| Task directions |
From the line containing "みかさ(どらやき)の皮を短冊" through the end of the material below, output each line exactly as written, with pictures excluded.

| Supplied information |

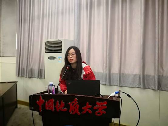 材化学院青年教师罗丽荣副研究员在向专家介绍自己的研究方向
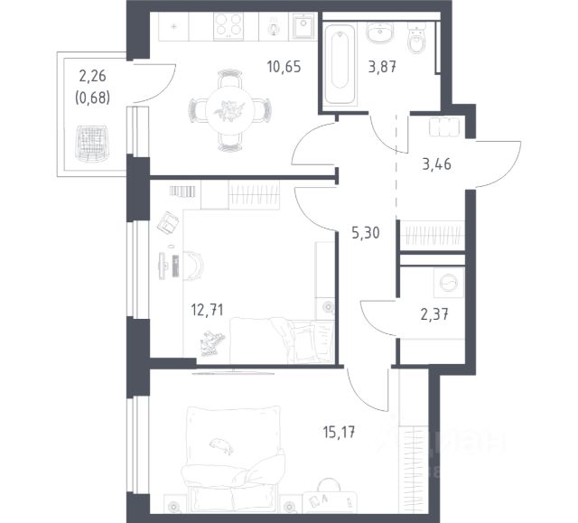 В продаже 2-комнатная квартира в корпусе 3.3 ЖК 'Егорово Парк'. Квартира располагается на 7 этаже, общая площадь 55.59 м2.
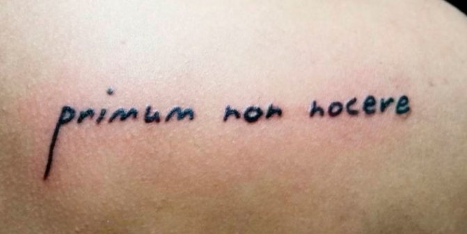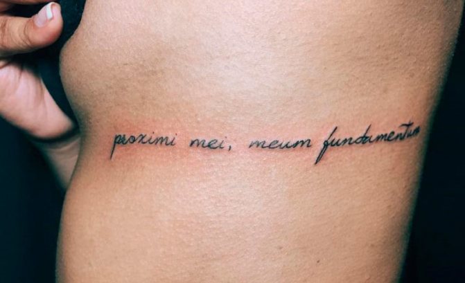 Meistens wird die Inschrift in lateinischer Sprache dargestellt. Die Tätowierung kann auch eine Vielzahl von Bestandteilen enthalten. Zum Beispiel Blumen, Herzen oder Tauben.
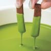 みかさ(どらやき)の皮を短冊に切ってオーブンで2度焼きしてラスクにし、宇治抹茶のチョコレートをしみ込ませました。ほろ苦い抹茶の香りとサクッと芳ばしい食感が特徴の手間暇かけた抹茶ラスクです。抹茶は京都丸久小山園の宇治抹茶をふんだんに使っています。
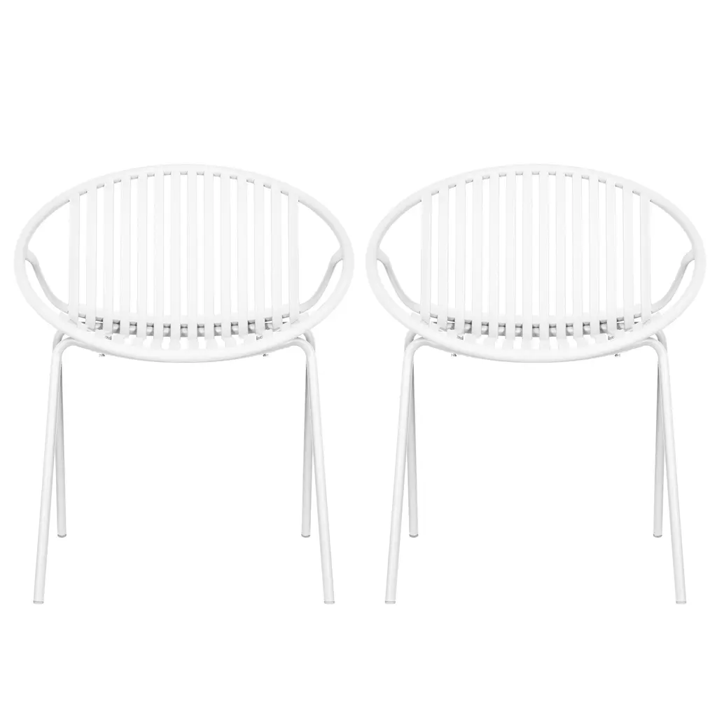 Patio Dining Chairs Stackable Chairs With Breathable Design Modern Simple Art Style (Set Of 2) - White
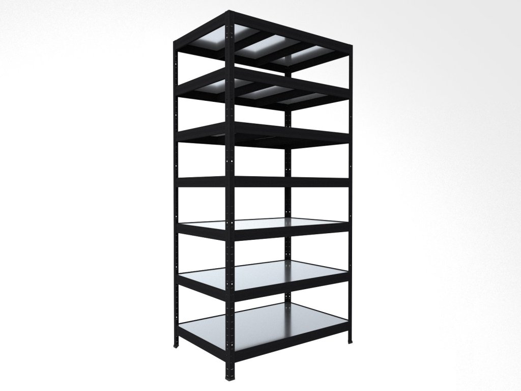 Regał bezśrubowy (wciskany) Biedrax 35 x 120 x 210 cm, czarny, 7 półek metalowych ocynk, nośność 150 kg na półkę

| Response |
 みかさ(どらやき)の皮を短冊に切ってオーブンで2度焼きしてラスクにし、宇治抹茶のチョコレートをしみ込ませました。ほろ苦い抹茶の香りとサクッと芳ばしい食感が特徴の手間暇かけた抹茶ラスクです。抹茶は京都丸久小山園の宇治抹茶をふんだんに使っています。
 Patio Dining Chairs Stackable Chairs With Breathable Design Modern Simple Art Style (Set Of 2) - White
 Regał bezśrubowy (wciskany) Biedrax 35 x 120 x 210 cm, czarny, 7 półek metalowych ocynk, nośność 150 kg na półkę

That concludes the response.